I also used to get really worried that I wasn’t as good as other people doing what I do. That was until I started to realise that there wasn’t one or two people that I was in competition with… there are thousands of people doing it, all over the world. All I can do is do the best I can to help the people I want to help.

 

Of course, competition is useful, It spurs us on and helps us to be better, and competition is fuelled by comparison. So, be clear on who you are, what you want people to remember, and focus on that. You can wave goodbye to comparisonitis.

 

The Alternative Guide To Networking

The Alternative Guide To Networking

“I love networking”…  said no one ever!

 

The word is enough to send shudders through many people I meet.

 

Whether you like it or not, networking is key to building the relationships that will propel your career.

 

No one will work with you without some level of familiarity and trust, and that can only be achieved through meeting with someone face to face.

 

The biggest things I hear are that; networking feels forced, people never know what to say, and they find the whole thing uncomfortable.

 

On the other hand I quite like networking, I always have, but I didn’t know what I was doing was networking when I started talking to people – because that’s all it is. This list will help you to shift your mindset around networking.

 

  1. Networking Events Are Brilliant

So I need to caveat that even though I like speaking to people, I still struggle with networking events. I am still nervous before making contact. I still hate that uncomfortable moment of approaching someone and saying hello.

 

The reason I think they are brilliant is that those moments are SUPPOSED to be uncomfortable and “awks” but at an event titled “Networking Event” then the whole thing is expected. In fact, by approaching someone at a networking event where you are expected to talk to someone, you are more than likely to be met with the pure relief that they didn’t have to do it. You saved them from the initial awkward moment.

 

So networking events are brilliant because you’re supposed to be having the awkward moment and everyone feels the same. The “awks” moment is forgiven and the chat begins!

      

2. Small Talk Is ACE (Secret: It’s All About The Follow Up Question)

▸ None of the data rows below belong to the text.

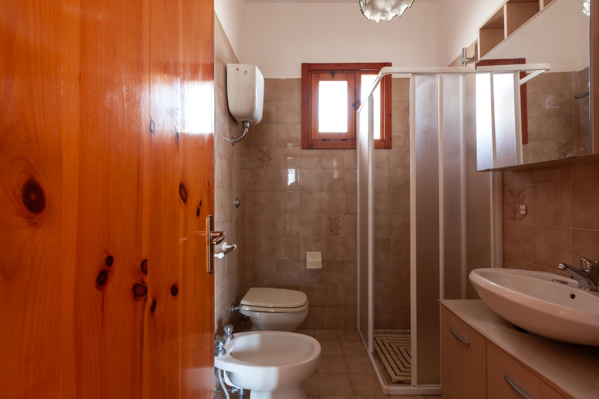 The bathroom is equipped with a bidet, shower, and WC. Additionally, there is an external bathroom complete with a shower, a bidet and toilet.
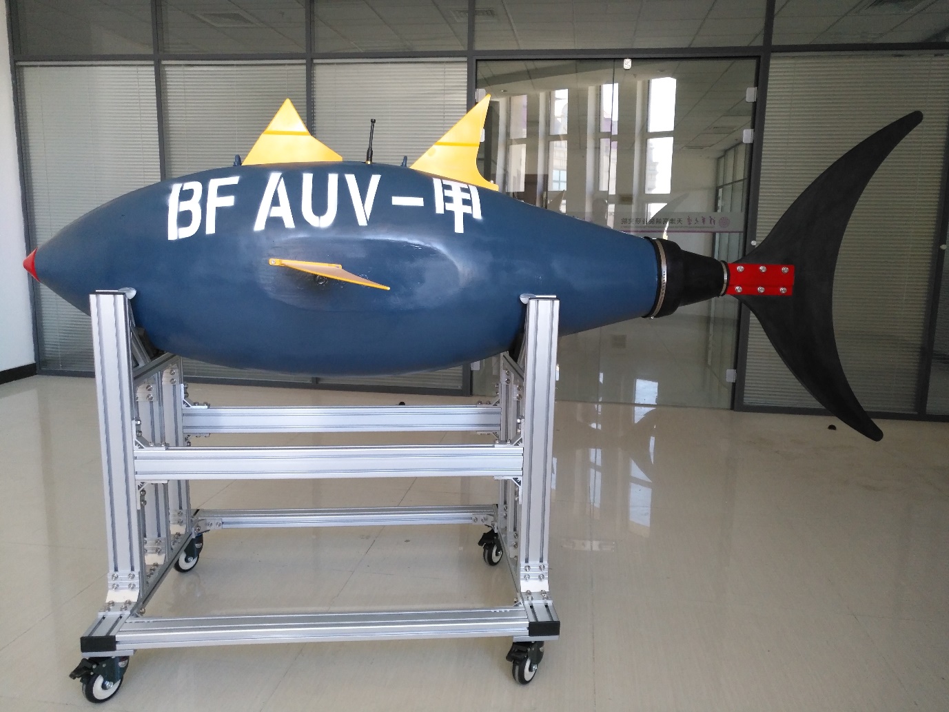 任勇团队研发的仿蓝鳍金枪鱼水下自主潜航器通过模拟鱼类推进和转向的原理设计和制造,与传统螺旋桨推进的潜航器相比,具有高速度、高效率、长续航、低阻力、低噪声、低维护等优点,适用于各类水下环境感知、目标探测、抢险救灾等应用场景,能够适应一千米潜深的水下复杂环境和任务。团队目前申请各类专利20余项,已授权专利5项,软件著作权5项。
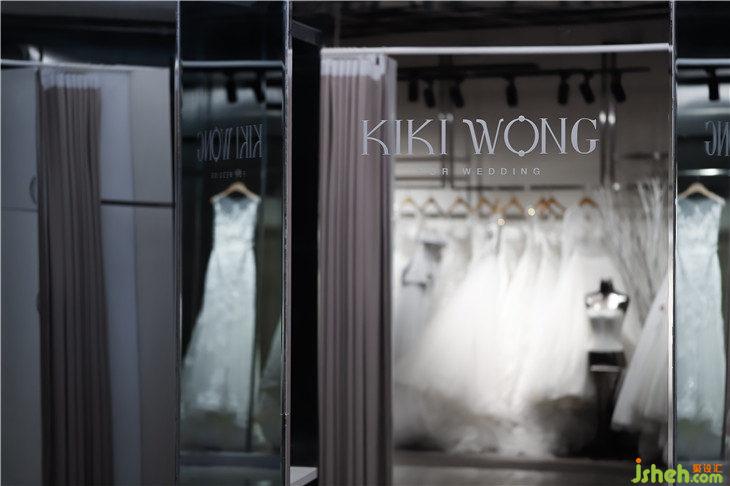 背景墻、陳列架、沙發(fā)、地板、地毯……皆用不同飽和度的灰色,形成豐富的層次感,讓空間中的主體——婚紗,得到視覺上最大限度的效果凸顯。
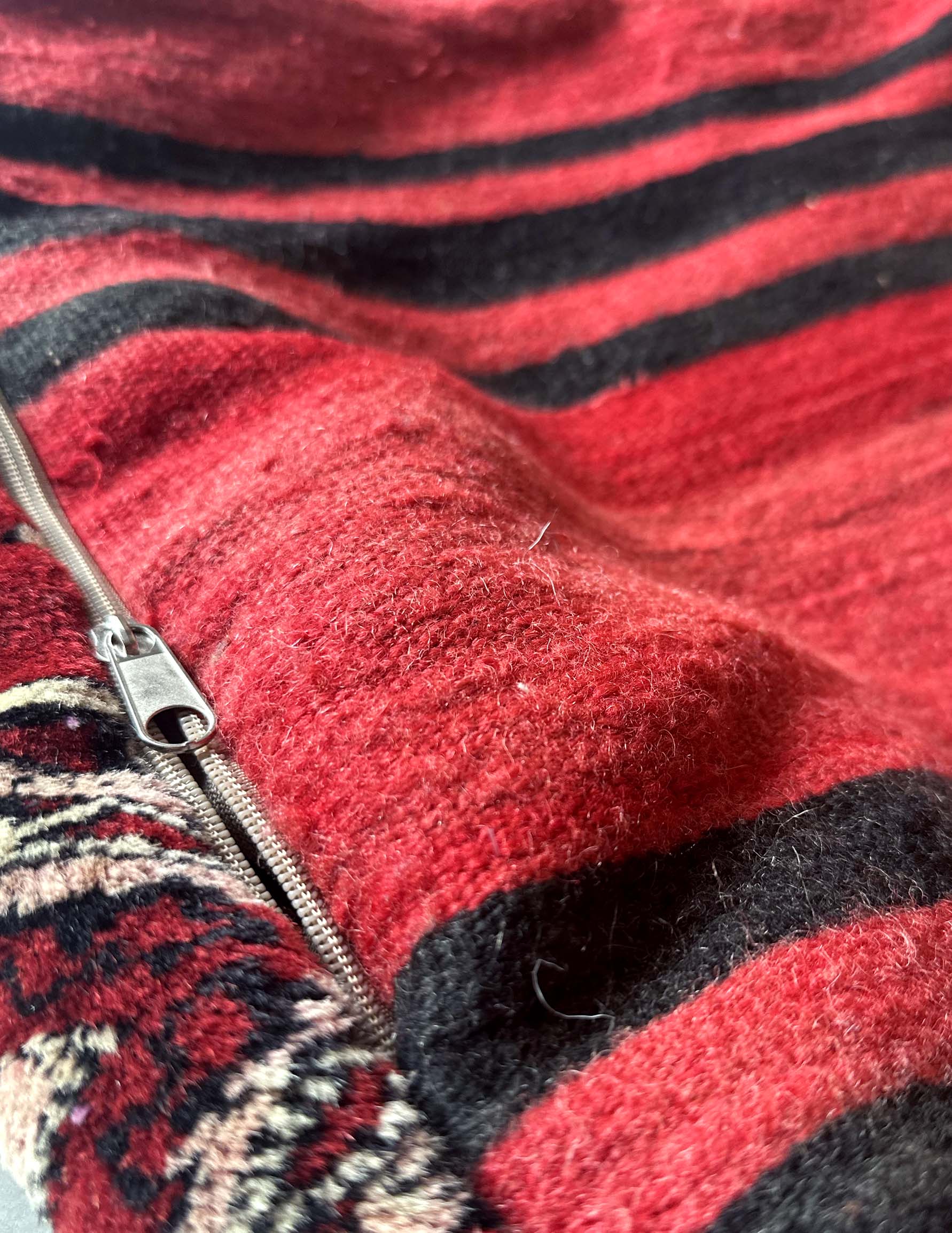 ベルベル人女性によって織られたハンドメイドのキリムラグを使用した、ウール製のプフです。
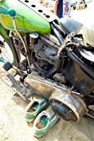 It’s Jacky Hofer of Harleyluja, Wolfegg. His fast Panhead bobber has all the other eat sand. We suspect a superior intake of beer the night before.
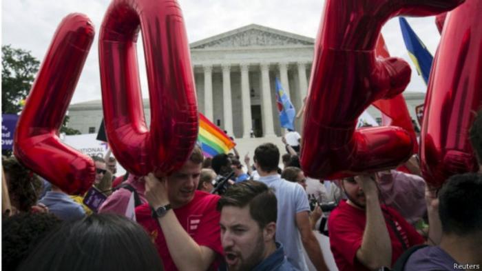 Putusan -yang diambil dengan perbandingan suara lima setuju berbanding empat menolak ini- berarti penikahan sejenis akan sah secara hukum secara

If we continue on the theme of “it’s supposed to be awkward”. And that everyone accepts that small talk is a step to a deeper chat. Then small talk is ace. It leads into the next thing.

 

The small talk question: “What do you do?” Or “what’s keeping you busy at the moment?”. Or “how was your day?”. Is a vehicle into the follow-up question – which is when the conversation actually begins:

 

You: How was your day?

Them: It was good

You: What was good about it? / What was the best thing that happened?

Conversation begins

 

You: What do you do?

Them: I am a barrister

You: Oh whereabouts? / What does that entail?

Conversation begins

 

You: So what’s keeping you busy at the moment?

Them: Actually my kids are a real focus at the moment

You: Oh how many do you have?

Conversation begins

     3. Newsflash: You Don’t Have To Go To An Event

There is an assumption that to network you have to go to events, meet new people or people above you in your career status. Well yes, this is a good assumption. But. In my career, the opportunities have come from those people I have been working with over the years. My peers, my colleagues and my friends.

 

You are actually networking all the time.

 

I network in many ways. I have got work from joining a netball team. I will often ask people to go for a coffee just me and them. I will meet someone through a client and that will lead to more work. One of the benefits of my podcast is that I get to meet more people. I met one client after she replied to an Instagram post, and I followed it up while I was on a beach in Greece.

 

Networking can take on the form you choose – which means you are in control of how it happens and you can do it on your terms. The key outcome of networking is to create trusting connections, that form business relationships. Not every conversation will end there, you don’t know the outcome of the conversations. But. You do know the outcome if you avoid meeting people.